[Task brief]: Write out, word for word and with no pictures, each line below from the one containing "Does Simple Cloudflare" through the one containing "A CASED .22", both included, and no other line.

[Provided records]:
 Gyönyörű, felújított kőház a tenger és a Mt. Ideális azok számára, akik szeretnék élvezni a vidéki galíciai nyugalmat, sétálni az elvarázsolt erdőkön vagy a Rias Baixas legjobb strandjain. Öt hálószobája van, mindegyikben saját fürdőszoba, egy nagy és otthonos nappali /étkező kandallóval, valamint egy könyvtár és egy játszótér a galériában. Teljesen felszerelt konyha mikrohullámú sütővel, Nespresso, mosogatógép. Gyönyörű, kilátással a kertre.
...
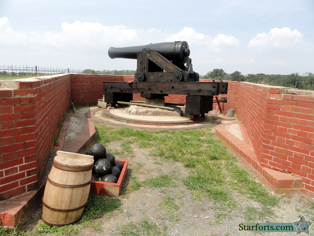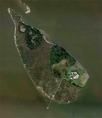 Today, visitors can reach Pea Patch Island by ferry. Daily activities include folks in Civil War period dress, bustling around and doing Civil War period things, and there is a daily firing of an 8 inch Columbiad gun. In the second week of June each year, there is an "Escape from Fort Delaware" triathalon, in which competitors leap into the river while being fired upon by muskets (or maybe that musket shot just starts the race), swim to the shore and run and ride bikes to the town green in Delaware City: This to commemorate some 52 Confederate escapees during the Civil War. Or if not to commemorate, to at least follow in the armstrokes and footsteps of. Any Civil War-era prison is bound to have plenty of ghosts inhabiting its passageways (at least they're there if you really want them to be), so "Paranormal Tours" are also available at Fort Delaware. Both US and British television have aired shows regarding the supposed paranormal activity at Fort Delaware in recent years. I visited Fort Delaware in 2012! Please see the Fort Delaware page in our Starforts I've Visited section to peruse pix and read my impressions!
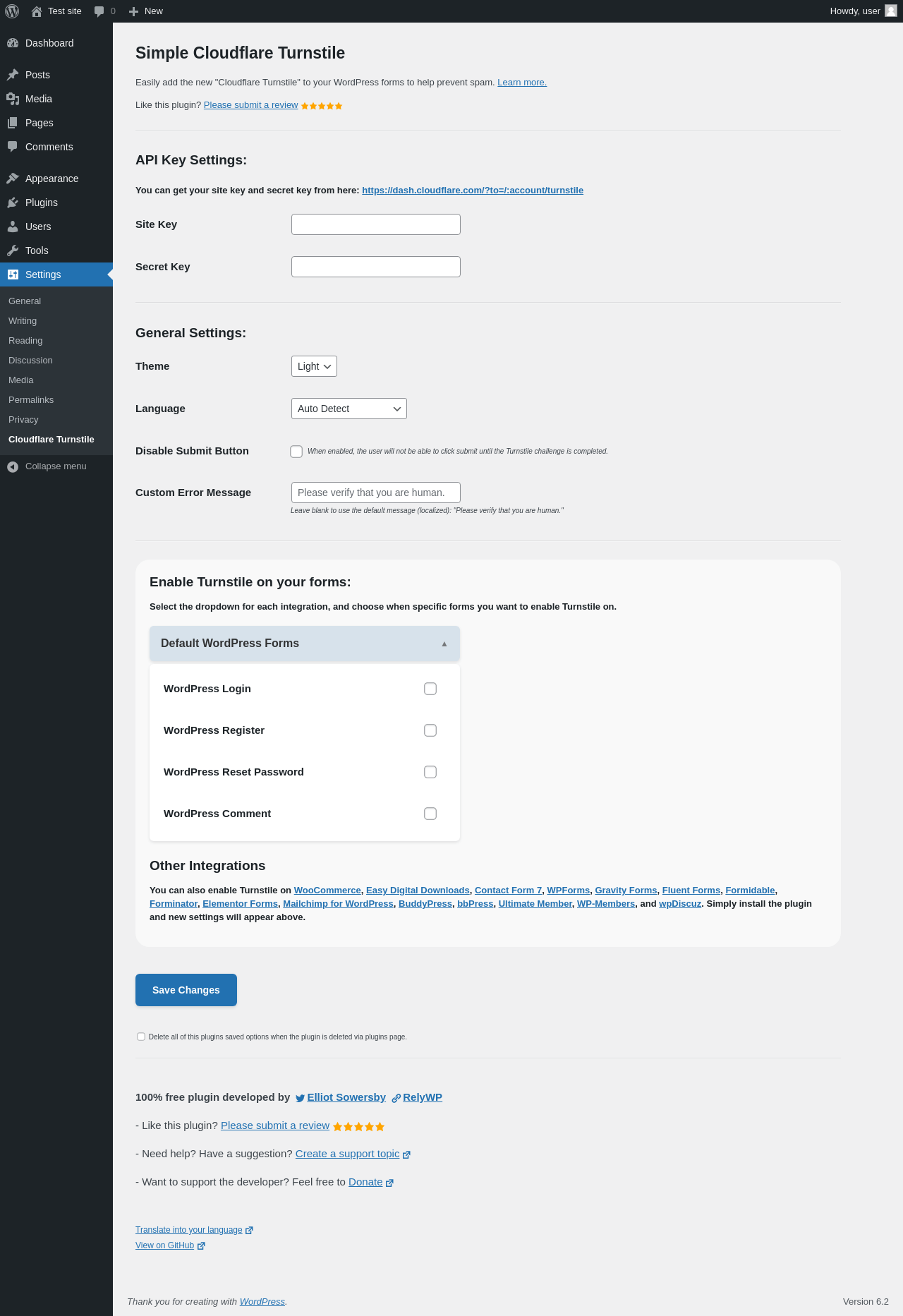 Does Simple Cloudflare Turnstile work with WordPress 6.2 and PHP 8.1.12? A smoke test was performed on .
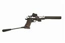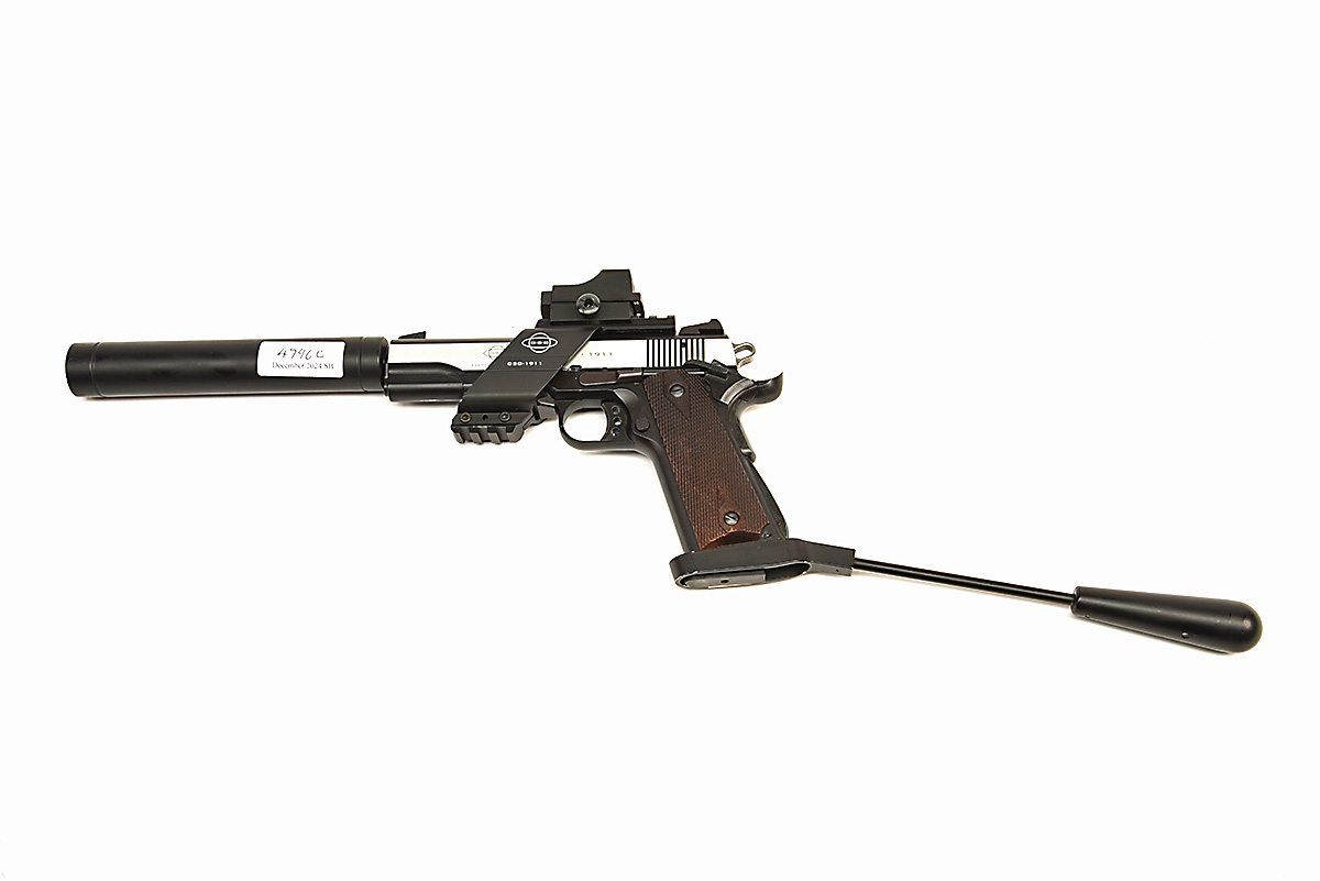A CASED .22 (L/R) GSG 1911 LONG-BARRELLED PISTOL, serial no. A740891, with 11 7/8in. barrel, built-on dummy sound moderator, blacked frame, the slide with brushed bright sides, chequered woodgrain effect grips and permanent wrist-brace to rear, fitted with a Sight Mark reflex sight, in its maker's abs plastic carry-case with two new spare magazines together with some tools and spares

[Your response]:
 Does Simple Cloudflare Turnstile work with WordPress 6.2 and PHP 8.1.12? A smoke test was performed on .
A CASED .22 (L/R) GSG 1911 LONG-BARRELLED PISTOL, serial no. A740891, with 11 7/8in. barrel, built-on dummy sound moderator, blacked frame, the slide with brushed bright sides, chequered woodgrain effect grips and permanent wrist-brace to rear, fitted with a Sight Mark reflex sight, in its maker's abs plastic carry-case with two new spare magazines together with some tools and spares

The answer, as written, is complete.